Ennéatype Compulsion d’évitement Motivation principale
L’ennéatype 1 éviter la colère être reconnu pour la qualité de ce qu’il fait
L’ennéatype 2 éviter de reconnaître ses propres besoins être reconnu pour son engagement auprès des autres
L’ennéatype 3 éviter les échecs être reconnu pour ses réussites
L’ennéatype 4 éviter la banalité être reconnu pour sa différence
L’ennéatype 5 éviter le vide intérieur être reconnu pour ses connaissances
L’ennéatype 6 éviter la déviance être reconnu pour sa droiture
L’ennéatype 7 éviter la souffrance être reconnu pour sa joie de vivre
L’ennéatype 8 éviter la faiblesse être reconnu pour sa force
L’ennéatype 9 éviter les conflits être reconnu pour sa paix intérieure

Il n’y a pas de bons ou de mauvais types. C’est l’équidistance des neuf points sur le cercle (voir symbole de l’ennéagramme) qui illustre cette idée d’égalité entre les types.

L’Ennéagramme nous montre dans quelles « boîtes » nous sommes enfermés et nous indiquent comment en sortir. Comprendre les mécanismes rigides de son ennéatype (ou de sa « base ») permet de prendre conscience des automatismes qui gouvernent nos vies et d’apprendre à nous en libérer.

Principe biocentrique

Le principe biocentrique provient d’une intuition que l’univers est organisé en fonction de la vie et propose une reformulation de nos valeurs culturelles qui a comme référence le respect pour la vie. Le principe biocentrique propose la potentialisation de la vie et l’expression de ses pouvoirs évolutifs. Il adhère à la pensée visionnaire d’Albert Schweitzer : « en méditant sur la vie, je sens l’obligation de respecter n’importe quelle volonté de la vie qui m’entoure, car elle est semblable à la mienne ».

L’idée fondamentale est que le bien consiste à préserver la vie, à la favoriser, à l’amener à sa valeur la plus élevée et que le mal consiste à annihiler la vie, à la blesser, à l’empêcher de fleurir.
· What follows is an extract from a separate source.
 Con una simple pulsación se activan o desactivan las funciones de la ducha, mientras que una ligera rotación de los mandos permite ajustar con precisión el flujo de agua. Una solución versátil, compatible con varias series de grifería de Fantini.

Le principe biocentrique s’intéresse à un univers compris comme un système vivant. Le règne de la vie englobe beaucoup plus que les végétaux, les animaux et l’homme. Tout ce qui existe, des neutrinos aux quasars, de la pierre à la pensée la plus subtile, fait partie du système vivant prodigieux. Selon le principe biocentrique, l’univers existe parce que la vie existe, et non le contraire.

 

Rolando Toro Araneda

Créateur de la Biodanza® et du principe biocentrique

Rolando Mario Toro Araneda est né à Concepción, Chili, le 19 avril 1924.
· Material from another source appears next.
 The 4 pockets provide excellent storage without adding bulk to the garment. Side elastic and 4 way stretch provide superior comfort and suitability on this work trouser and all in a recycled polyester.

Il s’est formé comme professeur de l’enseignement élémentaire à l’école normale « José Abelardo Núñez », Santiago du Chili en 1943. Il a enseigné dans les villes de Valparaiso, Talcahuano, Pocuro et Santiago (Chili), entre les années 1944 et 1957.
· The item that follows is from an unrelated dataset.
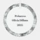 This metal Christmas ornament is shown with a holiday sample photo print and text: Princess, name and date.
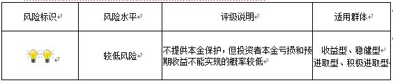 本期产品为非保本浮动收益型理财产品,不保证本金和收益,请您充分认识投资风险,谨慎投资。本期产品期限189天(中国建设银行有权对本期产品进行展期和提前终止),存续期内产品不接受申购或赎回申请。本期产品内部风险评级级别为2盏警示灯 ,风险程度属于较低风险。最不利情况下,资产组合无法回收任何本金和净收益,客户将损失全部本金。产品适合于收益型、稳健型、进取型、积极进取型客户。

En 1964, il est sorti de l’école de psychologie de l’institut pédagogique de l’université du Chili.

Il a eu à sa charge la chaire de psychologie de l’art et de l’expression à l’institut d’esthétique de l’université pontificale catholique du Chili. En tant qu’enseignant du centre d’anthropologie médicale à l’école de médecine de l’université du Chili, il a fait des recherches sur l’expression de l’inconscient et sur les états d’expansion de conscience. Il a été nommé Professeur émérite de l’université
ouverte interaméricaine de Buenos Aires, Argentine.

Entre les années 1968 et 1973, il a commencé ses expériences avec la Biodanza® (appelée à cette période Psychodanse). Il a appliqué ce système à l’hôpital psychiatrique de Santiago et à l’institut d’esthétique de l’université catholique du Chili.

Il a vécu successivement au Chili, en Argentine, au Brésil et en Italie.

Rolando Toro est, de plus, poète et peintre. Il a publié différents livres de poésie et de psychothérapie. Il a aussi fait des expositions de peintures au Brésil et en Italie.